Go to the full article.

Spanish-language hymnal ready

The Spanish-language hymnal, Las voces del camino: Un complemento de Singing the Living Tradition, is available from the UUA Bookstore for $18. It presents more than 70 songs in Spanish, including songs from Singing the Living Tradition, plus other selections from Spanish-speaking cultures the world over. There are discounts for orders of 10 or more.

The hymnal (English translation is Voices on the Journey) was first introduced a year ago, then withdrawn due to errors in translation. The hymnal was proposed in 2003 by a member of the First Unitarian Church of San Jose, Calif., and is a joint production between the UU Musicians Network and the UUA.

How your church can appeal to a younger crowd

In the introduction to her book, Designing Contemporary Congregations: Strategies to Attract Those Under 50, the Rev. Laurene Beth Bowers, pastor of the First Congregational Church in Randolph, Mass., describes some of the people in the congregations she has served over the years:

They are people I love and care about, but they are also a stubborn and stagnant people who have sacrificed for too long at the altar of “everything must stay the same” and who need gentle encouragement and caring confrontation by passionate leaders who will love them enough not to let them remain there.

Bowers suggest ways to lead congregations into change that can be more inviting to a younger generation. Among her suggestions: Create worship that moves. Add nontraditional music, dance, drama, and personal witnessing, with elements no longer than three minutes each, plus a 10-minute sermon. And yes, it’s OK if it goes more than an hour. “It moves, so you don’t notice the time,” one congregant told her.

She includes chapters on worship, social justice, life-cycle rituals, and evangelism. Her 128-page book is available at the UUA Bookstore for $14.

Skinner House books support lay leadership, multigenerational worship

Two books, Serving with Grace: Lay Leadership as a Spiritual Practice by the Rev. Erik Walker Wikstrom, the worship and music resources director for the UUA, and Story, Song and Spirit: Fun and Creative Worship Services for All Ages by the Rev. Erika Hewitt, minister of the Live Oak UU Congregation in Goleta, Calif., are available from Skinner House Books.

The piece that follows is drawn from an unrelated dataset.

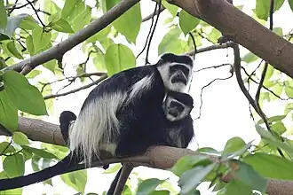 - ↑ Tania L.Saj & Pascale Sicotte: Colobus guereza Guereza Colobus S. 103–119 in Jonathan Kingdon, David Happold, Michael Hoffmann, Thomas Butynski, Meredith Happold und Jan Kalina (Hrsg.): Mammals of Africa Volume II: Primates, Bloomsbury, London, 2013, ISBN 978-1-4081-2252-5

Serving with Grace includes chapters about learning to say no, mindful meetings, mission and community, relationships with other leaders, and spirituality of service. Wikstrom writes, “Imagine church not as a place led by a few overly taxed people, but one where leadership is a broadly shared ministry that members of the community undertake for the deep joy of it.” This small 90-page book will no doubt be given to many new lay leaders as an introduction to leadership. It is $12 from the UUA Bookstore.

In Story, Song and Spirit, Hewitt notes a “collective anxiety” about doing multigenerational worship because we’re mostly used to sitting and listening. She has created services that call for active participation, including storytelling, music, and acting, that will engage children and adults.

The book includes requirements for nine services, including one for Water Communion and one for Christmas. The book is $12 at the UUA Bookstore.